- Opening Delimiter -
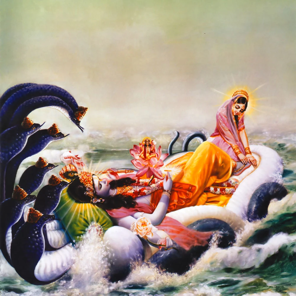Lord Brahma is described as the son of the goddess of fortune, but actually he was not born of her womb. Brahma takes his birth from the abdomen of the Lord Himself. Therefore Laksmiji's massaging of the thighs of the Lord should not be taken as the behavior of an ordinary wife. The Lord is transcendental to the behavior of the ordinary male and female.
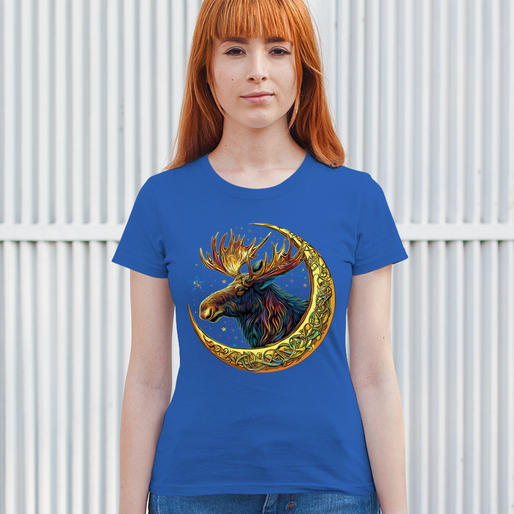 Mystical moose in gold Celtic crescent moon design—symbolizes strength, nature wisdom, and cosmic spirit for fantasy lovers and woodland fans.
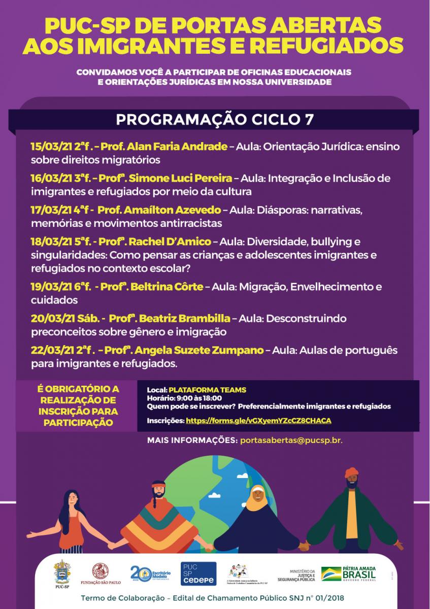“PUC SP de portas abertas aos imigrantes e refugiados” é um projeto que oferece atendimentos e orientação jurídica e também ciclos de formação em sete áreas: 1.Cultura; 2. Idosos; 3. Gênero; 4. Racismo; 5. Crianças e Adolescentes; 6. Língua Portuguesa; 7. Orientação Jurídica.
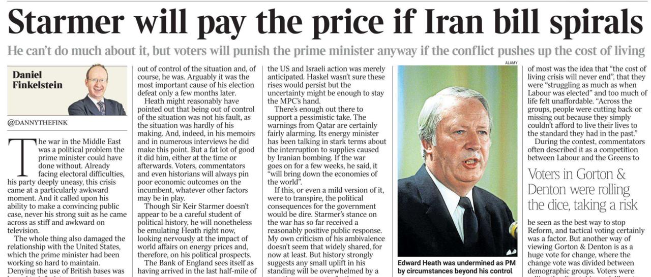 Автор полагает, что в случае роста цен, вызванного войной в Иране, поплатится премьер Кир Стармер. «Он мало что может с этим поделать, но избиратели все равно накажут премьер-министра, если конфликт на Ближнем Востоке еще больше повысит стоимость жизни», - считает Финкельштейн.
- Closing Delimiter -
- Opening Delimiter -
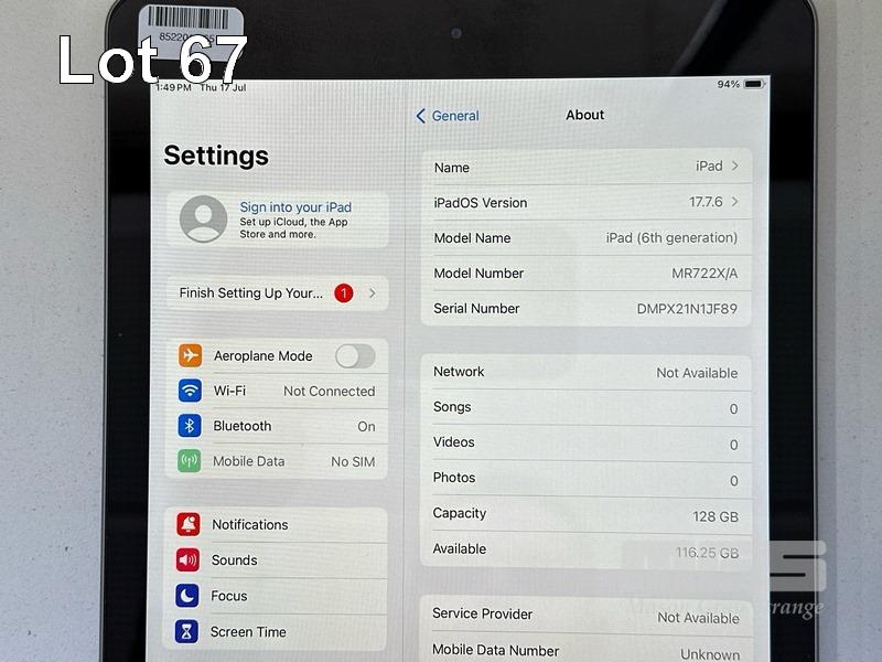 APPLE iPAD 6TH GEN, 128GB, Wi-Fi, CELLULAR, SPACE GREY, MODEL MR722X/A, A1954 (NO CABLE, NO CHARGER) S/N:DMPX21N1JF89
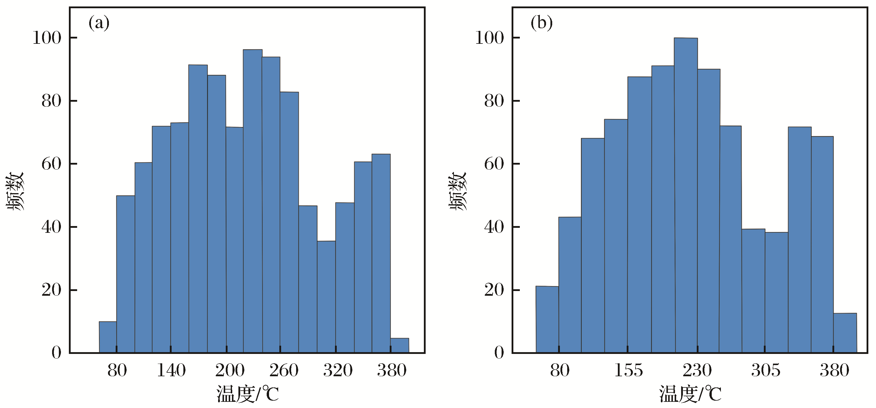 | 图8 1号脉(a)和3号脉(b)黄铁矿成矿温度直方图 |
- Closing Delimiter -
[TASK PROMPT]: Give back the exact lines above, running from the one that has "Lord Brahma is" through the one that has "Автор полагает, что", with nothing added and no pictures.

[RESPONSE AREA]:
Lord Brahma is described as the son of the goddess of fortune, but actually he was not born of her womb. Brahma takes his birth from the abdomen of the Lord Himself. Therefore Laksmiji's massaging of the thighs of the Lord should not be taken as the behavior of an ordinary wife. The Lord is transcendental to the behavior of the ordinary male and female.
 Mystical moose in gold Celtic crescent moon design—symbolizes strength, nature wisdom, and cosmic spirit for fantasy lovers and woodland fans.
“PUC SP de portas abertas aos imigrantes e refugiados” é um projeto que oferece atendimentos e orientação jurídica e também ciclos de formação em sete áreas: 1.Cultura; 2. Idosos; 3. Gênero; 4. Racismo; 5. Crianças e Adolescentes; 6. Língua Portuguesa; 7. Orientação Jurídica.
 Автор полагает, что в случае роста цен, вызванного войной в Иране, поплатится премьер Кир Стармер. «Он мало что может с этим поделать, но избиратели все равно накажут премьер-министра, если конфликт на Ближнем Востоке еще больше повысит стоимость жизни», - считает Финкельштейн.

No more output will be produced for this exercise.